I would doubt the syncros because if you put it in 1st and start the car (no clutch required to put it in gear that way) you can take off and drive fine, with no grinding, untill you, say, try shifting into 2nd.

the longer pushrod thing is going to be a kind of last resort thing, but it's getting down to the wire and I'm going to need a breakthrough soon.
 
ok,.. previously i said i was goimg through the same thing, i figuered out what was the problem, maybe its the same thing for you.
the bolt that houlds the tranny to the engine by the slave cylinder was striped so it was not holding the trans to the engine tight.
my buddy was pressing the cluch and i was looking under the car and thetrans wascoming apart from the engine about a 1/4 inch.
i ran another longer bolt that came through the other side and put a lugnut to thighten it.
maybe its that good luck.
 
your fix is familiar, I too had that bolt missing but I replaced it. I've been having a LOT of trouble lately getting my starter to engage. Ever since I took the trans out it's been just free spinning most of the time, I might have it fixed though, I did get it working enough to start the car today. messed with the hydraulic system today, but didn't get to try it out. maybe tomorrow...
 
I've taken off the transmission and found my TOB eaten up pretty badly. comparing the new clutch disk to my other stock clutch disk that I took out, I've found the center disc containing the springs is way too thick to allow the clutch do disengage without hitting the throw out bearing.

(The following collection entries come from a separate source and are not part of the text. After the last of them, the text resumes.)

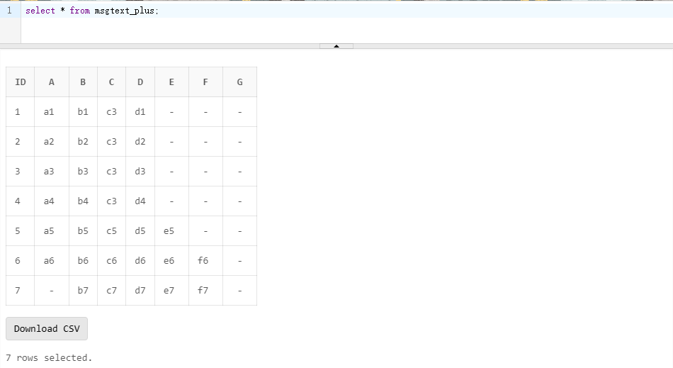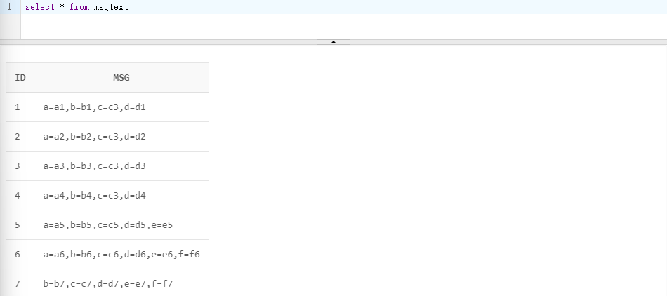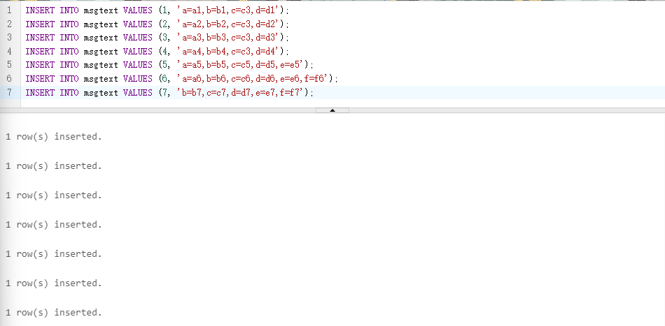 INSERT INTO msgtext VALUES (7, 'b=b7,c=c7,d=d7,e=e7,f=f7');![]()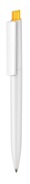 Guľôčkové pero Ritter - Crest II s bielym telom a bielym alebo farebným tlačítkom. Pero má modrý atrament.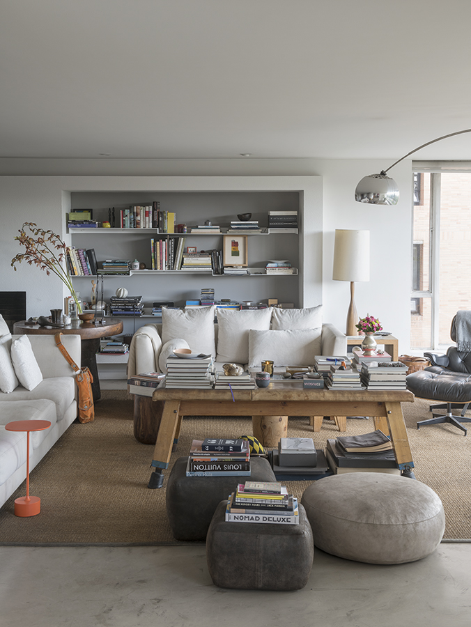“Tiendo a gravitar hacia las fibras naturales, la madera y el cuero”, añade el propietario, fanático del arte y el diseño, como se evidencia en íconos como la silla Eames, la mesa auxiliar de cartón corrugado de Frank Gehry o la mesita naranja, del brasilero Jader Almeida. En el fondo, enmarca el conjunto una biblioteca diseñada por el bogotano Guillermo Arias.

I'll call up RAM and see what they've got to say, because I've checked the flywheel step and swapped pressure plates trying to get enough clearance for the throw out bearing. this is what I've found.
 
Im having same problem on my car, but i noticed 2 bolts for the tranny are completely missing. The cast tabs on the block are broken. Im not exactly sure what to do. but i tihnk that is the problem

One bolt on each side of motor allowing motor to be pushed out by slave

Also when my pedal is to the floor while in gear the clutch wont disengage.
 
that's kind of a difficult problem. the best thing to do would be welding on new tabs or something like that so the tranny can bolt to something solid. maybe make a bracket that has a nut for the bolt to go through and that nut welded to a piece of metal that can be bolted to the block somewhere.
 
it could be your clutch pedal assembly.. they wear out often.... and thats whats really wrong with mine... sheppard racing has one for 120 with a core...

Not to be thread jacking but this should be easy to answer, how could I tell if my clutch peddle assembly is bad then? ### I've adjusted my transmission and master cylinder in every way i know how too, but it still grinds a little bit into third and second some times (it could be a syncro problem)
 
if you can't find any leaks in the hydraulic system (look under the boots at both cylinders) first, then I would look at the pedal assembly. the only really good way to check it is to take it out and look for any worn parts. there's one part in particular that wears out and causes slop in the clutch pedal.
 
I'm getting my transmission rebuilt by a place called Shift Rite Transmissions out of Kankakee, IL. Shift Rite Transmisssions
I'll keep the thread updated with info as it develops. Currently thinking about an ACT 4 puck unsprung disk with a heavy duty pressure plate.